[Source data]
=== Section Start ===

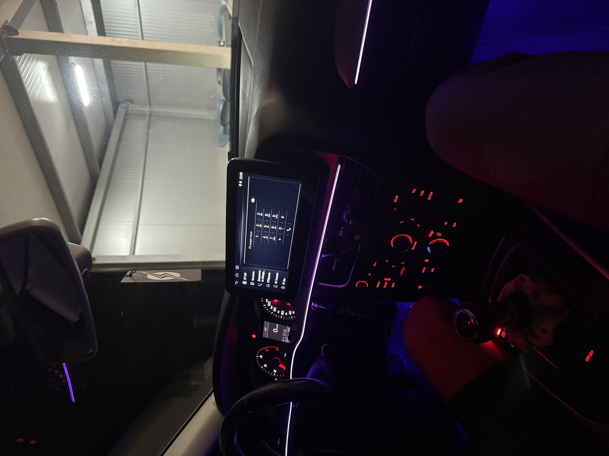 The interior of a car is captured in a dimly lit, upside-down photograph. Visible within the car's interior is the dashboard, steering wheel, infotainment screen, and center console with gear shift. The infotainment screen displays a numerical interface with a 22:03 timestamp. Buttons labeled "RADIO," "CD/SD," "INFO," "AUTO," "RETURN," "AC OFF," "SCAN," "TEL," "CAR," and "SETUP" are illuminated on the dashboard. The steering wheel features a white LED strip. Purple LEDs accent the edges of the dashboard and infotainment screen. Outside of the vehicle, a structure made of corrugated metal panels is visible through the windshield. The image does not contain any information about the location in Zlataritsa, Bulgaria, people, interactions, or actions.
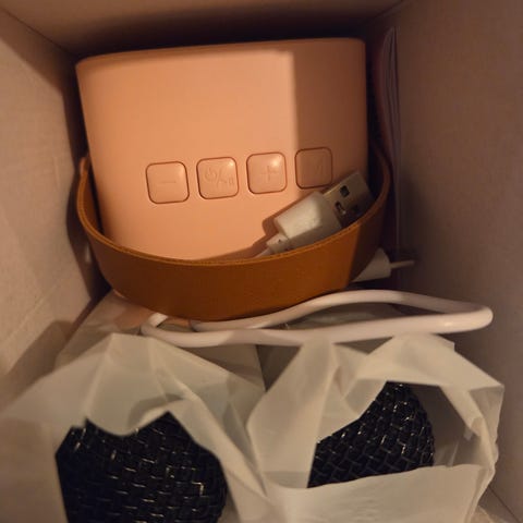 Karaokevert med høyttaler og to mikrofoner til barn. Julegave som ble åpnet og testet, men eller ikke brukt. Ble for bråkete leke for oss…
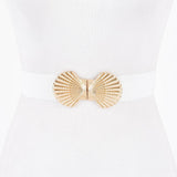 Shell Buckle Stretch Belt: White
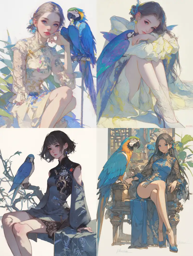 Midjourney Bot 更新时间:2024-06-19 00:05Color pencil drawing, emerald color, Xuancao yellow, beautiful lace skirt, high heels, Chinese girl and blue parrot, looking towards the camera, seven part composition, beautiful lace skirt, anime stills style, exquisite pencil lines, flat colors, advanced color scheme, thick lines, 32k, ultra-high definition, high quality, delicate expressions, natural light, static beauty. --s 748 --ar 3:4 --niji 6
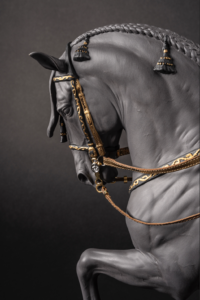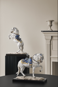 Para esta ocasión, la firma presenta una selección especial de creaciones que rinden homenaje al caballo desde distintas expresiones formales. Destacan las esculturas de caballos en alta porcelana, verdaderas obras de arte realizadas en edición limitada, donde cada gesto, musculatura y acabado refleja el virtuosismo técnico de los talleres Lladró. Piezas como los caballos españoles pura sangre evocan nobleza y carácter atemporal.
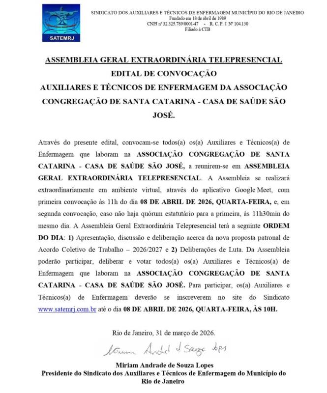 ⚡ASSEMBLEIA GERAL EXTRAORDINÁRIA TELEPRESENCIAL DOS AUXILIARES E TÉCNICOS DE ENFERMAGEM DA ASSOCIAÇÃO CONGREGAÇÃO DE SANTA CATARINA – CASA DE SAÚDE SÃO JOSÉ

=== Section End ===

◆ What you need to do
Your answer must be an exact copy of the lines from the start of the entries through the line with "Shell Buckle Stretch Belt: White", with no pictures.

◆ Finished exercise
 The interior of a car is captured in a dimly lit, upside-down photograph. Visible within the car's interior is the dashboard, steering wheel, infotainment screen, and center console with gear shift. The infotainment screen displays a numerical interface with a 22:03 timestamp. Buttons labeled "RADIO," "CD/SD," "INFO," "AUTO," "RETURN," "AC OFF," "SCAN," "TEL," "CAR," and "SETUP" are illuminated on the dashboard. The steering wheel features a white LED strip. Purple LEDs accent the edges of the dashboard and infotainment screen. Outside of the vehicle, a structure made of corrugated metal panels is visible through the windshield. The image does not contain any information about the location in Zlataritsa, Bulgaria, people, interactions, or actions.
 Karaokevert med høyttaler og to mikrofoner til barn. Julegave som ble åpnet og testet, men eller ikke brukt. Ble for bråkete leke for oss…
 Shell Buckle Stretch Belt: White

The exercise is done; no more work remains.